The Fourth and Fifth are on the third CD. As in the Sixth Bernstein in the Fourth Symphony adopts a very broad tempo. This is music, inward-looking, brow-furrowed. The elegantly shaped and oboe-decorated allegro is far broader and more pointful than the allegro molto vivace marking would infer. This is an extremely slow performance in which, especially in the unbearably protracted finale, idiosyncrasy tips over into eccentricity.

There is no dud among the other works in this box. The Fifth Symphony is a ‘centre grain’ interpretation where I wondered whether Bernstein's enthusiasm rather than his interest was being constantly sustained. Certainly it flares brightly in the finale. Oddly enough, in the extraordinarily personal reading of the Fourth, I never once felt that Bernstein's concentration was drifting out of focus.

The sonics are pretty good throughout without being in any way resplendent. Fresh as paint really; the only downside being the print-through pre-echo you get when a silence precedes a loud brass exclamation as in the second movement of the First Symphony. Analogue hiss only obtrudes in the whispered opening measures of the Seventh. Harps and woodwind solos are given an engineer's helping hand … and very welcome too.

These are stereo recordings but the imperious lifelike qualities of Decca recordings at their best elude CBS. We are talking about recordings made between forty and fifty years ago. They still sounds good enough for this disc to be compared with Barbirolli, Ashkenazy and Vänskä. Its value is not yet purely historical.

The coupling scheme is CD1: 1 and 3; CD2: 2, Luonnotar; Pohjola's Daughter; CD4 4 and 5; CD4: 6 and 7. CD2 mimics the contents of a disc long separately available in the Bernstein Century series. CD3 is coupled exactly as a disc in Sony's Bernstein ‘original jackets’ box (soon to be reviewed here by Jonathan Woolf). CD1 contains a First which had a separate existence in the Bernstein's ‘Century’ series coupled with the Seventh.

This is, in general, deft Sibelius. For the most part Bernstein wrong foots the usual presumptions about swooping romanticism and inability to distinguish between sentiment and sentimentality (John L Holmes). Only the Fourth Symphony is mannered in much the same way as Bernstein's 1980s recording of the Enigma with the BBC Symphony Orchestra (DG). Then again, late in his career he recorded with the Vienna Philharmonic a 51 minute Second Symphony on DG digital 419 172-1GH. This was taken from a performance in the Grosser Musikvereinsaal, Vienna during October 1986. Insupportable! His 36 minute VPO/DG Fifth Symphony was similarly distended (DG 427 647-4GH c/w Symphony No. 7). Of that 1980s partial cycle the reportedly most successful ‘volley’ was Symphony No. 1 435 351-2GH at 41 minutes. Bernstein and DG never completed the Seven. Symphonies 3, 4 and 6 were left in the realms of the imagination.

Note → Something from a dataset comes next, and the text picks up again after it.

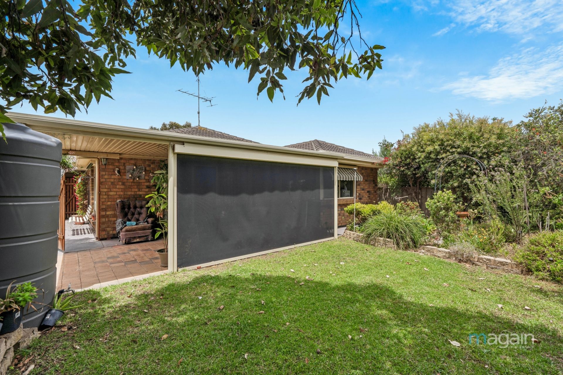 Enjoy the outside undercover entertaining / BBQ pergola area with pull down blinds for comfort and easy care gardens with shrubs throughout the yard. Complete with rain water for the gardens and Solar electricity..
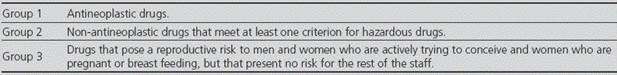 In 2004, the National Institute for Occupational Safety and Health (NIOSH) defined the term Hazardous Drug (HD)1 as those medications presenting one or more of the following risk criteria in humans: carcinogenicity, tetarogenicity or other toxicity for development, reproductive toxicity, organ toxicity at low doses, genotoxicity; and new medications with structure and toxicity profiles similar to existing medications already classified as hazardous according to the previous criteria.

The bargain price of the present set, presumably circa £20.00, perhaps prepares us for a booklet that has covers that are just plain blue - no text on the covers. You cannot, without opening it, tell which way up it is. A nice feature is that the date of the premiere appears inside the booklet track-listing underneath the main title of each work. Matthias Henke's notes are far too preoccupied with telling us what is going on in the music at a technical level to be much of an adornment.

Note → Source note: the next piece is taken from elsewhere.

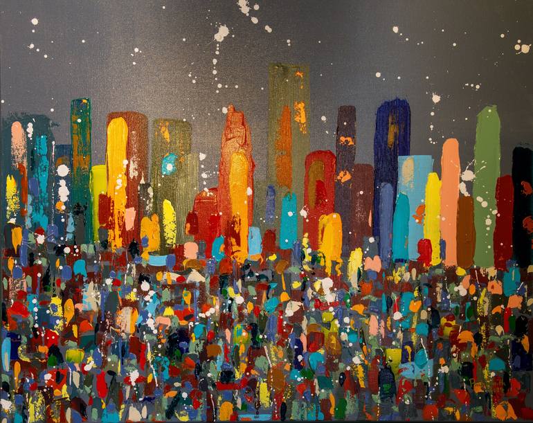 The Metropolis series has sold very well nationally and internationally. 'Metropolis 17' is very colourful and dynamic and will light up any room. This abstracted night-time cityscape makes you think of cities like New York and London, but I made no attempt to copy a real skyline. 'Metropolis 17...
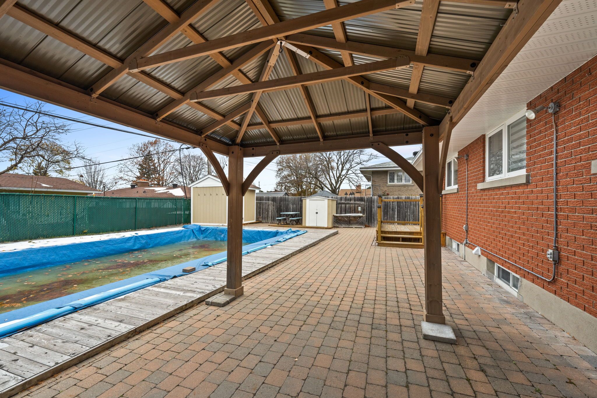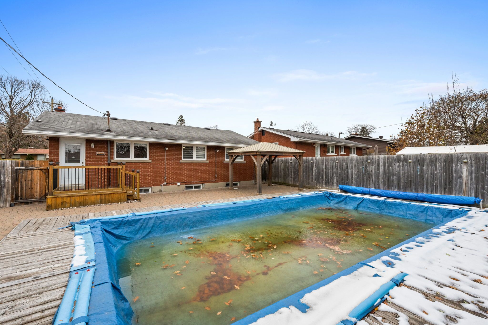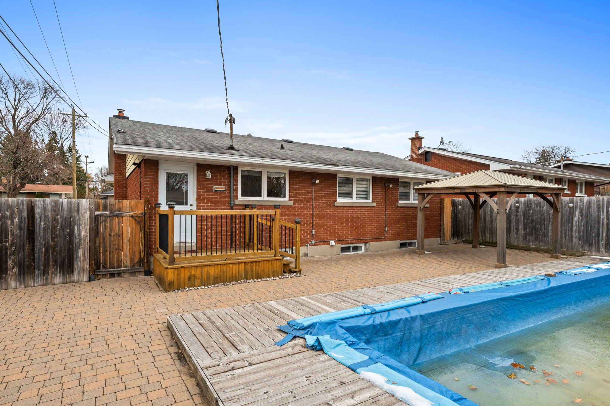 • Fenced backyard includes a heated inground pool and outdoor spaces.

This compilation is patented to Sony France. The set was issued there in different livery back in 2001 on 5023162 (see the lower of the two covers above). That set is still available on Amazon.fr at 21.24 euros as well as at www.zweitausendeins.de at 19.99 euros. Amazon.uk will sell you that French imported set for £23.99 (amazon co uk).

This Sony UK issue is a recommendable full cycle. There are compromises but you would not be done a disservice as a neophyte to learn your Sibelius from this source.